_EXERCISE MATERIAL_
>>>
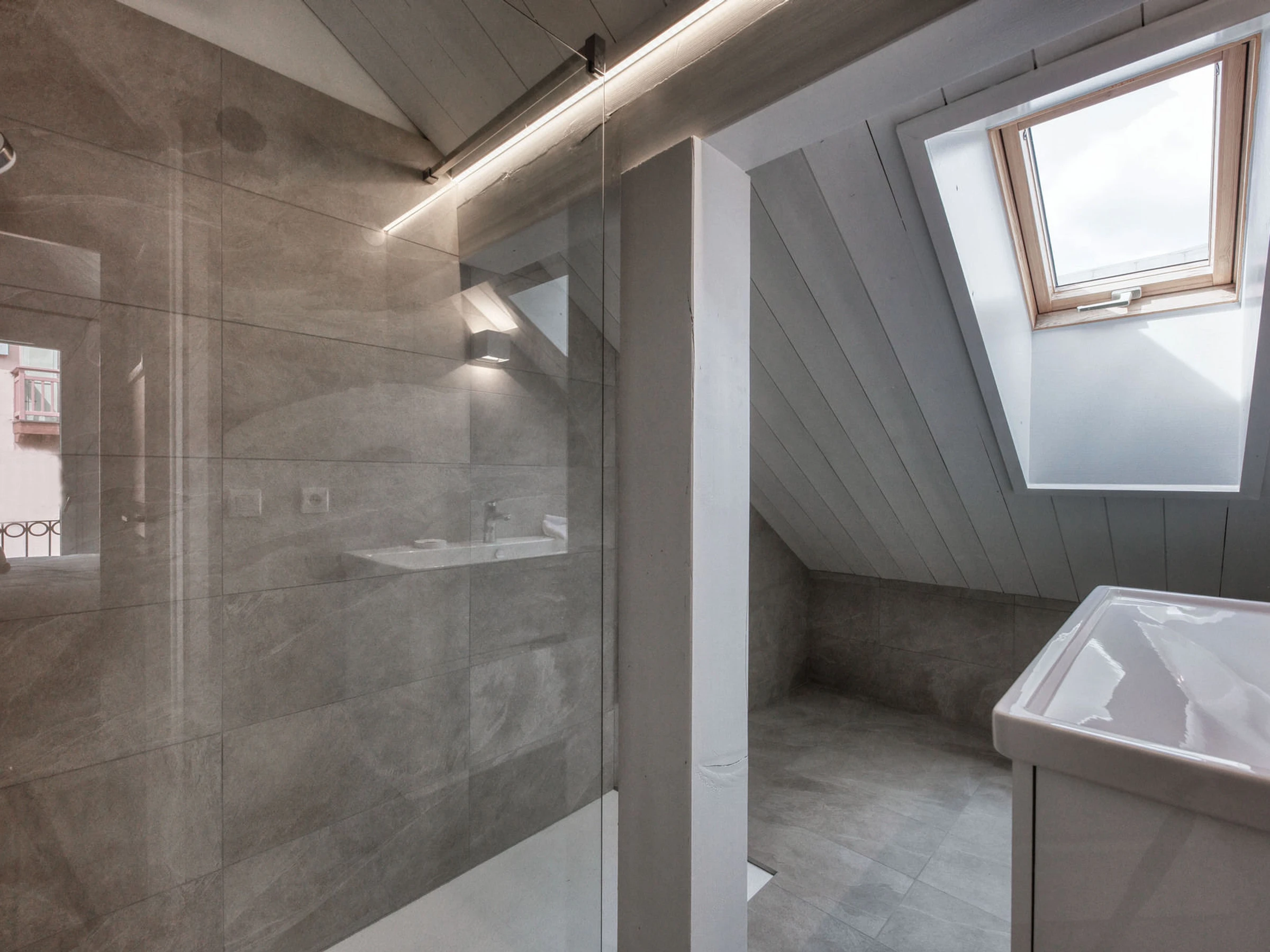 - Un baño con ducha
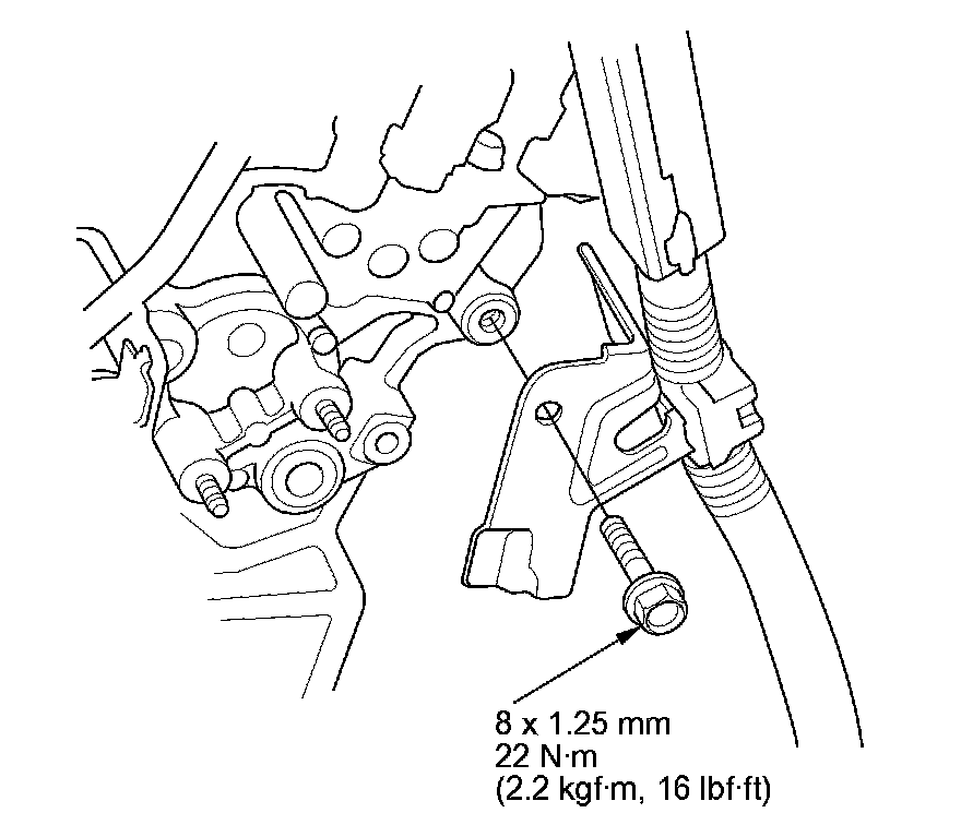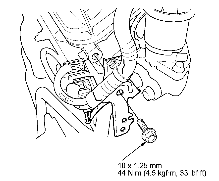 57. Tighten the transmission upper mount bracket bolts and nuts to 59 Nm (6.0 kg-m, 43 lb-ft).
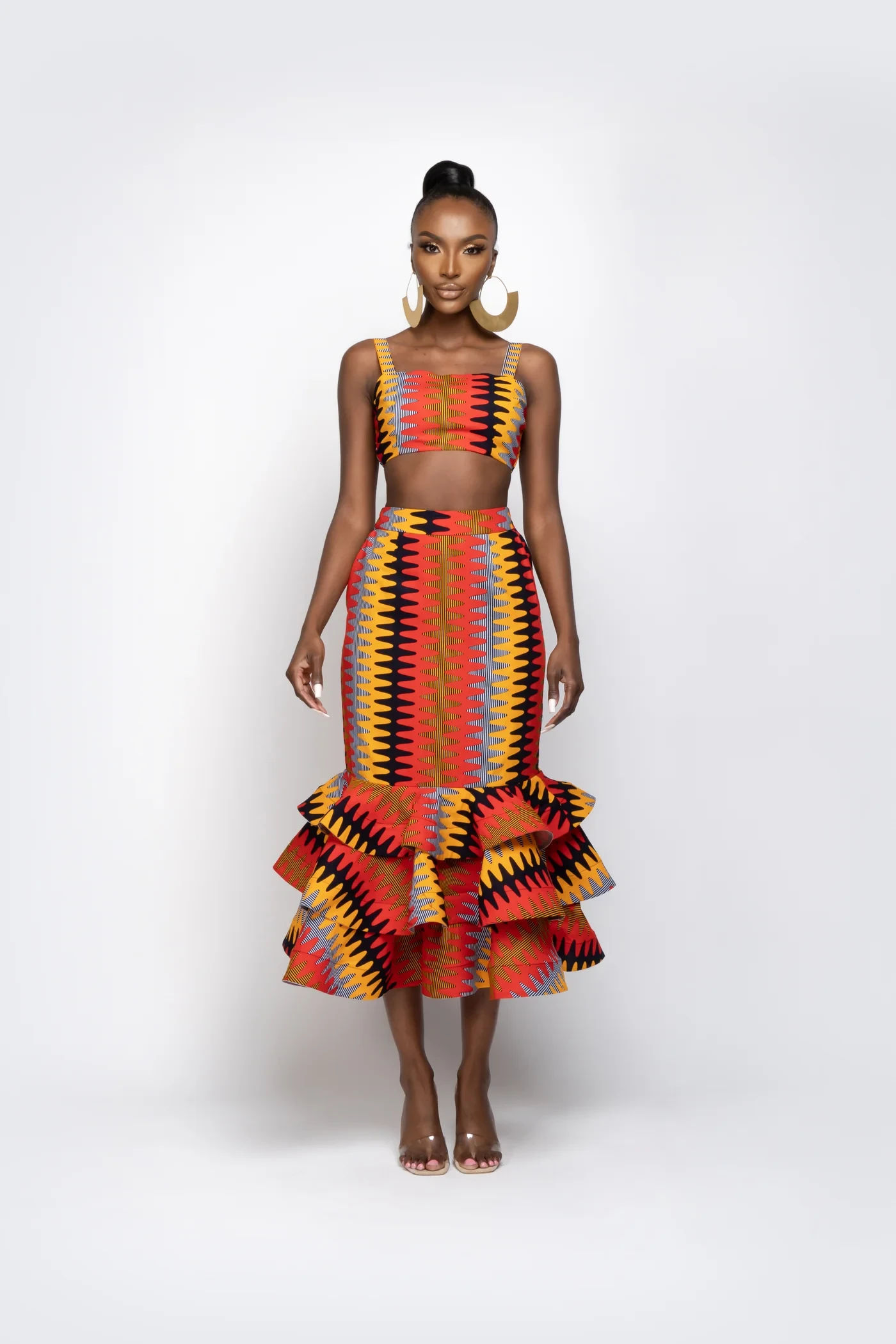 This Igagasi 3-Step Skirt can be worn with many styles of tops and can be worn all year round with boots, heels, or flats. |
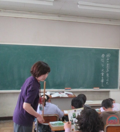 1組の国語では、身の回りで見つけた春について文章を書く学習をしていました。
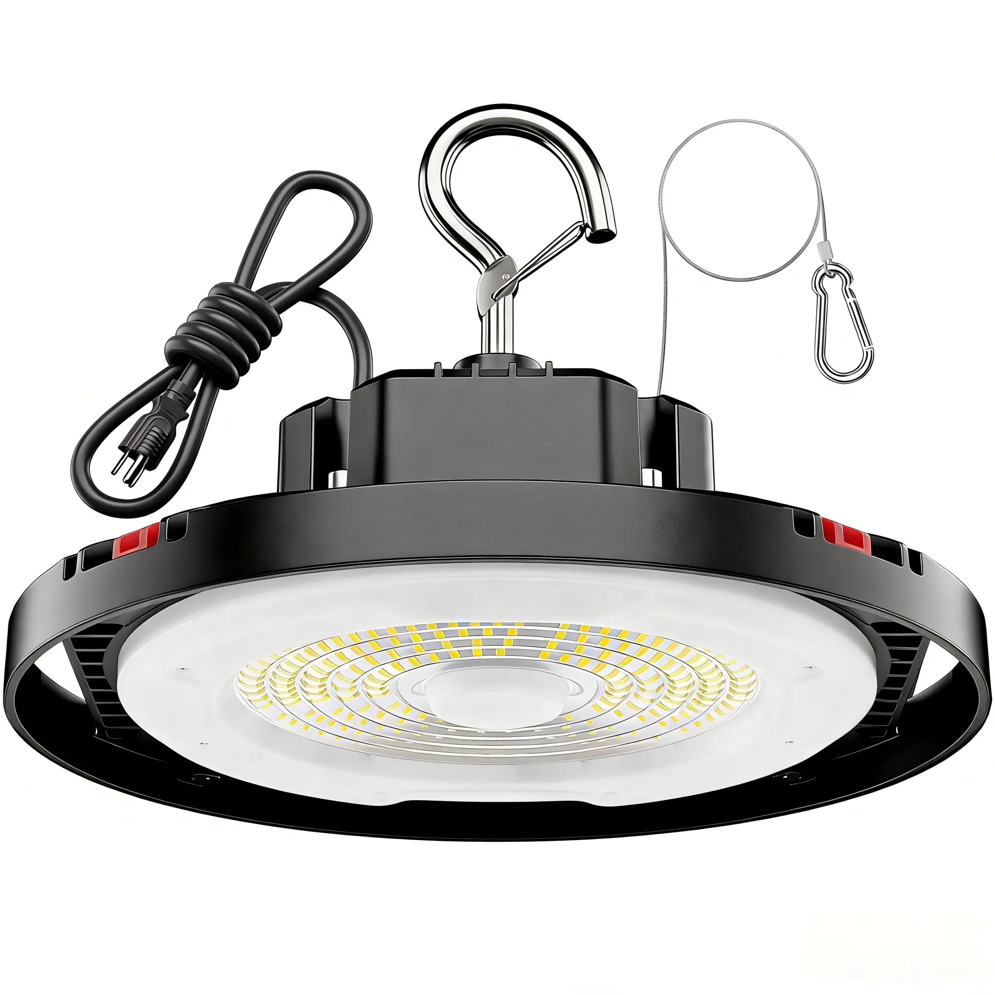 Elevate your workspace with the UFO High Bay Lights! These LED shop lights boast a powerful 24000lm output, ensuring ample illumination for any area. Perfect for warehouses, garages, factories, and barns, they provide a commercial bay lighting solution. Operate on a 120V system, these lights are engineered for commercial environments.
<<<
>>>
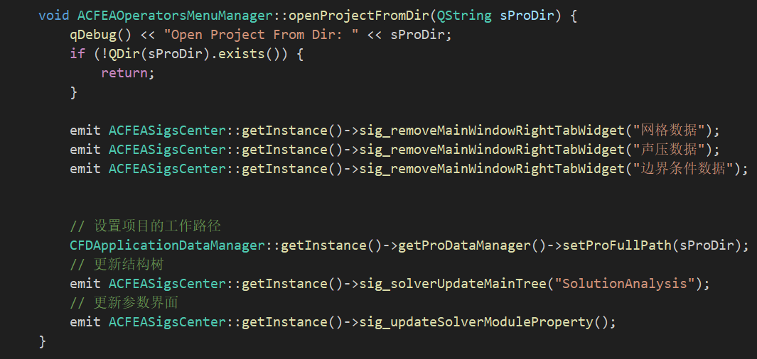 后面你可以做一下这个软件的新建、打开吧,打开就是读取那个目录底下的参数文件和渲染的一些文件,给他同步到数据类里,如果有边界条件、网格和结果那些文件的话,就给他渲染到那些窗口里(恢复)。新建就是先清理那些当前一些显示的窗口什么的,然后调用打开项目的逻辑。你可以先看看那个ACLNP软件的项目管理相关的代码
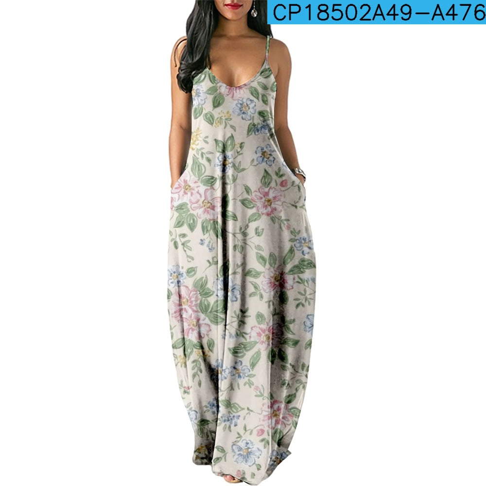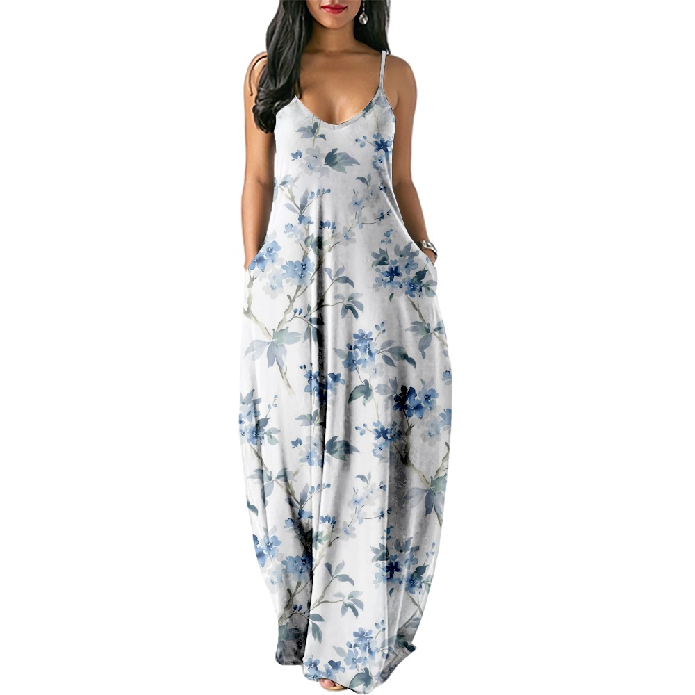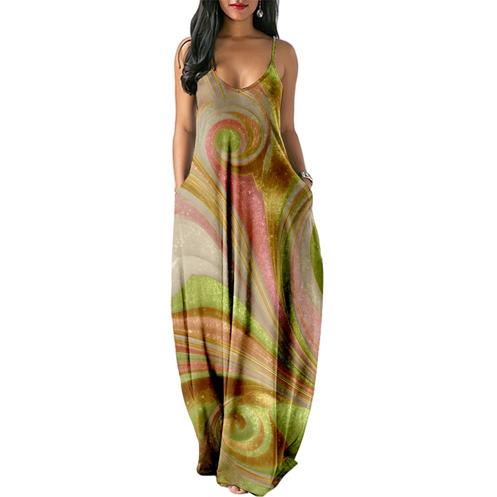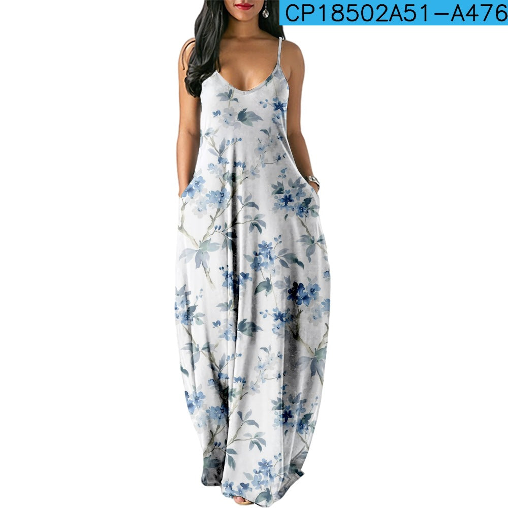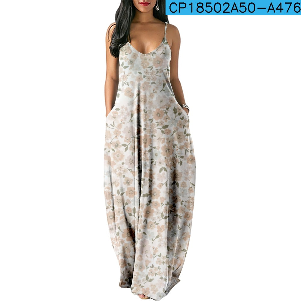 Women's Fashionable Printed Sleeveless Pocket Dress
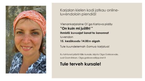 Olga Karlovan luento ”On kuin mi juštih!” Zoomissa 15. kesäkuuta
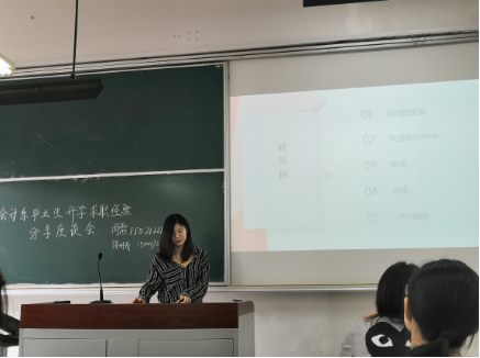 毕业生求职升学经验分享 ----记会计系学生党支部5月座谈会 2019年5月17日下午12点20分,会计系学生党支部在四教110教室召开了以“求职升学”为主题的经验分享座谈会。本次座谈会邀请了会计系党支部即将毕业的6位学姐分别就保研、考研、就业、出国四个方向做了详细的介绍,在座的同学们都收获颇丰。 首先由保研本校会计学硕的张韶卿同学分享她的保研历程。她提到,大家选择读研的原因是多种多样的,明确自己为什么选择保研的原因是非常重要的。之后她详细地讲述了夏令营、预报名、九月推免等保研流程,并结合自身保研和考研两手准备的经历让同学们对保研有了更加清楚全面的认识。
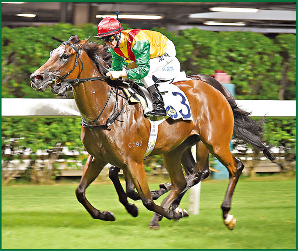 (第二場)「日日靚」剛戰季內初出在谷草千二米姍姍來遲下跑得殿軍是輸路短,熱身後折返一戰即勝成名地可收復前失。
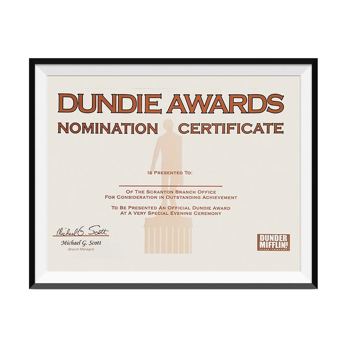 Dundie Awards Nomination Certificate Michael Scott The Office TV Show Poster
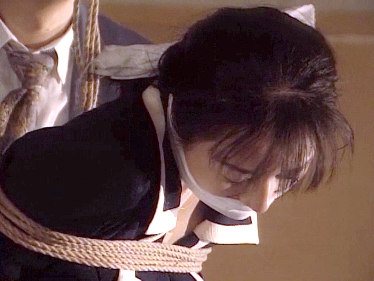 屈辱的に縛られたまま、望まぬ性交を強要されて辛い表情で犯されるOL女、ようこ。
<<<
>>>
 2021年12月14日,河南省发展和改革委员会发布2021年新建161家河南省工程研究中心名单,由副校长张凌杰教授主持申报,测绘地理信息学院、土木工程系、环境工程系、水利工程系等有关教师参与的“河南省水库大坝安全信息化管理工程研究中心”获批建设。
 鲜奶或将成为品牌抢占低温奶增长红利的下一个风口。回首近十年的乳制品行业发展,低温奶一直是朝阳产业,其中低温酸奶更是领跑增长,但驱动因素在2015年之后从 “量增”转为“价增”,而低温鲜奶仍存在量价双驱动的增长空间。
<<<
_WHAT TO WORK ON_
Look back at the data above, then output exactly the lines from the line holding "- Un baño con ducha" up to and including the line holding "Elevate your workspace". Leave out the pictures.

_PROBLEM SOLUTION_
 - Un baño con ducha
 57. Tighten the transmission upper mount bracket bolts and nuts to 59 Nm (6.0 kg-m, 43 lb-ft).
 This Igagasi 3-Step Skirt can be worn with many styles of tops and can be worn all year round with boots, heels, or flats. |
 1組の国語では、身の回りで見つけた春について文章を書く学習をしていました。
 Elevate your workspace with the UFO High Bay Lights! These LED shop lights boast a powerful 24000lm output, ensuring ample illumination for any area. Perfect for warehouses, garages, factories, and barns, they provide a commercial bay lighting solution. Operate on a 120V system, these lights are engineered for commercial environments.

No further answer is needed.